### THE PROBLEM
The reply should hold only the lines below beginning at the one with "A small wind-pocket" and ending at the one with "RiteAV CAT6-IVORY Wall", copied exactly, with every picture left out.
DATA LISTING START
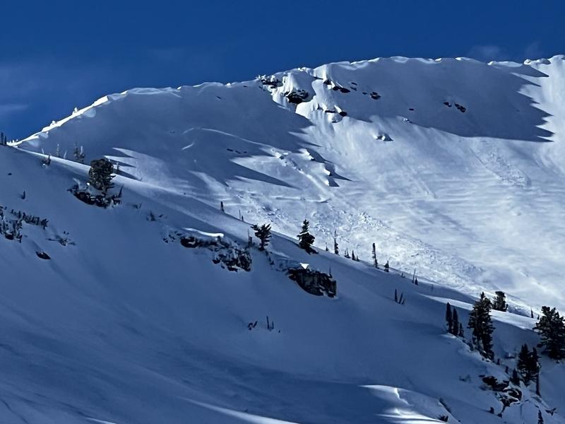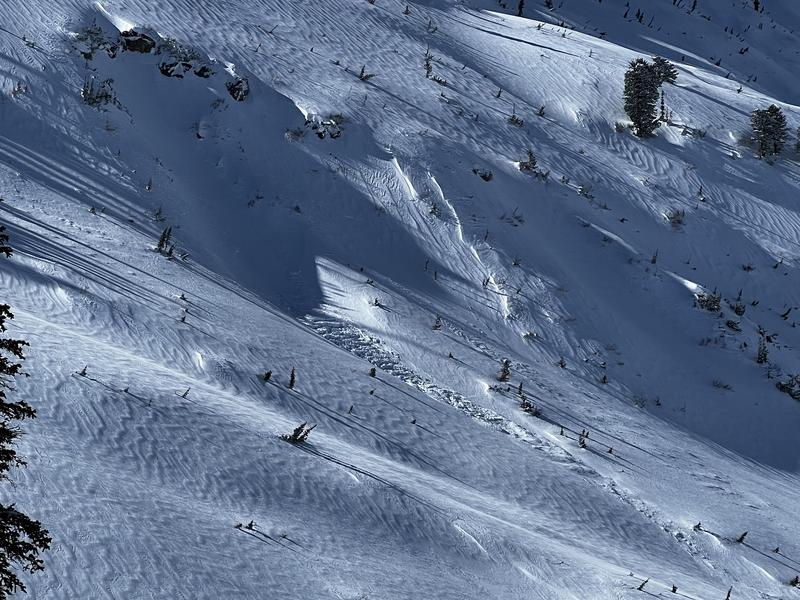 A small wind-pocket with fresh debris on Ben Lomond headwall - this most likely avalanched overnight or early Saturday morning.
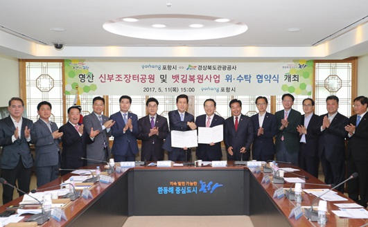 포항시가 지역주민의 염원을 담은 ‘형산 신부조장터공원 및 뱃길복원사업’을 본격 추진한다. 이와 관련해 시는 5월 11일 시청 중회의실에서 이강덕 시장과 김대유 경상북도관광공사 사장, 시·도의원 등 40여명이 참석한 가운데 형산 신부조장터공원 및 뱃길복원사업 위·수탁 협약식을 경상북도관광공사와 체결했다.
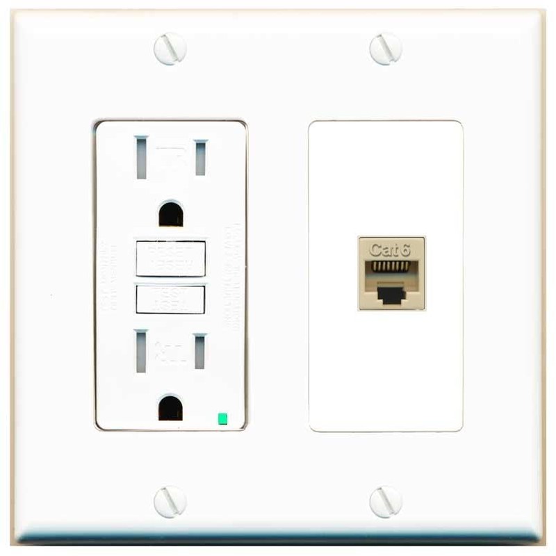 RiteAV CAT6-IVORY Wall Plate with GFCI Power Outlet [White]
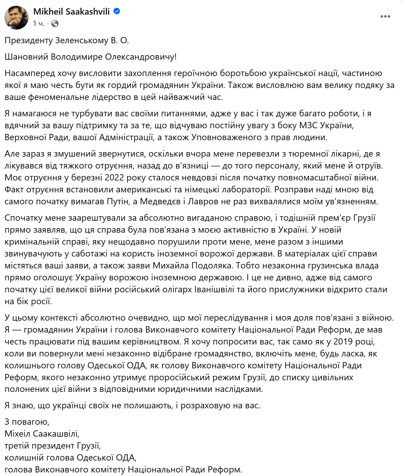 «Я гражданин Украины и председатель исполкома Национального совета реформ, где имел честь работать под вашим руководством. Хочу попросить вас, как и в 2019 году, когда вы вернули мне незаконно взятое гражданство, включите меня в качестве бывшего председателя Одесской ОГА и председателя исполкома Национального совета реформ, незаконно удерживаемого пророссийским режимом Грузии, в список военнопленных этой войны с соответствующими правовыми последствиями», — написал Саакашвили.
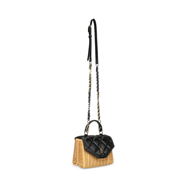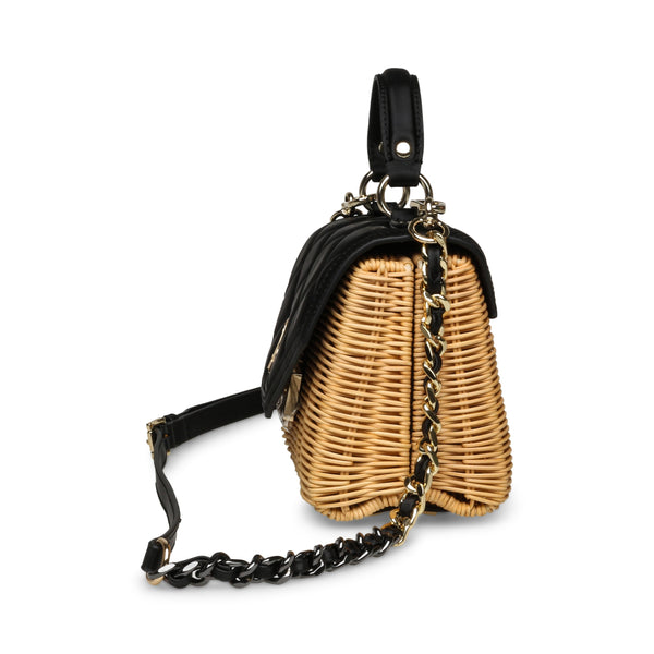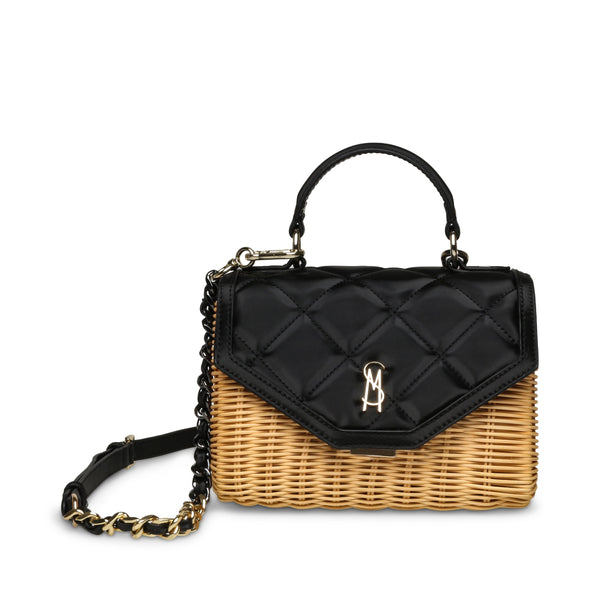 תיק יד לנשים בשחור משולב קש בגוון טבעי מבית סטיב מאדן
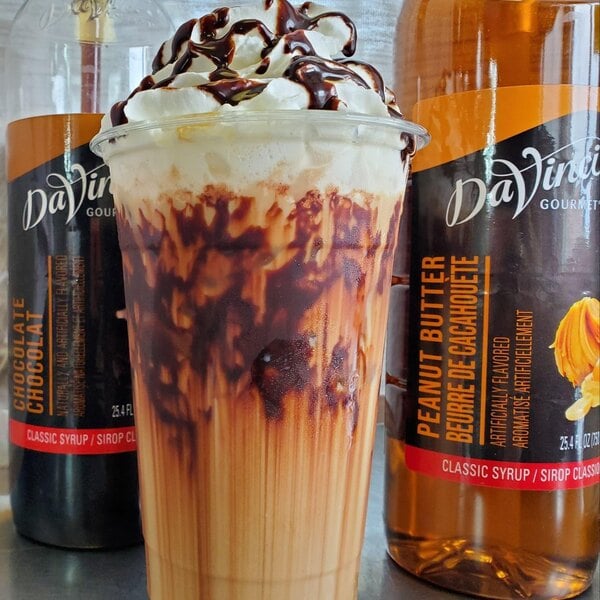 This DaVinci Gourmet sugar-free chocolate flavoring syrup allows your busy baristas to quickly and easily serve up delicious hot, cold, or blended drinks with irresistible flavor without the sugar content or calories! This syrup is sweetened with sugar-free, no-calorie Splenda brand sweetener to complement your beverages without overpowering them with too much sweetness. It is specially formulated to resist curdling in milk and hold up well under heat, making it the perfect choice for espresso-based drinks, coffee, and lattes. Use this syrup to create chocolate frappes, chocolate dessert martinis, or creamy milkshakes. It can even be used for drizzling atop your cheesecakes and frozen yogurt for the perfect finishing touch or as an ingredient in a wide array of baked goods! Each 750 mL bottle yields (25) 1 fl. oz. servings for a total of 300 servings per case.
DATA LISTING END
DATA LISTING START
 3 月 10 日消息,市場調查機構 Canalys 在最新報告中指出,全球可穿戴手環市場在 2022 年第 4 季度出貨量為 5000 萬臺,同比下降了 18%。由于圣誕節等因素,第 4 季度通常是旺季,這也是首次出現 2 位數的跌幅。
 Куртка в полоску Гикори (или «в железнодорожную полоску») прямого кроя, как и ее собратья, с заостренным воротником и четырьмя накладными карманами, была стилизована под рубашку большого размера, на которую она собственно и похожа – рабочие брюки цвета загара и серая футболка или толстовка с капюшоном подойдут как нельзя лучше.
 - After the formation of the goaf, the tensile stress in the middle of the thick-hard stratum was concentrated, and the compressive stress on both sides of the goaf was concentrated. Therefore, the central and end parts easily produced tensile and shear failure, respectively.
DATA LISTING END
### SOLUTION TO THE PROBLEM
 A small wind-pocket with fresh debris on Ben Lomond headwall - this most likely avalanched overnight or early Saturday morning.
 포항시가 지역주민의 염원을 담은 ‘형산 신부조장터공원 및 뱃길복원사업’을 본격 추진한다. 이와 관련해 시는 5월 11일 시청 중회의실에서 이강덕 시장과 김대유 경상북도관광공사 사장, 시·도의원 등 40여명이 참석한 가운데 형산 신부조장터공원 및 뱃길복원사업 위·수탁 협약식을 경상북도관광공사와 체결했다.
 RiteAV CAT6-IVORY Wall Plate with GFCI Power Outlet [White]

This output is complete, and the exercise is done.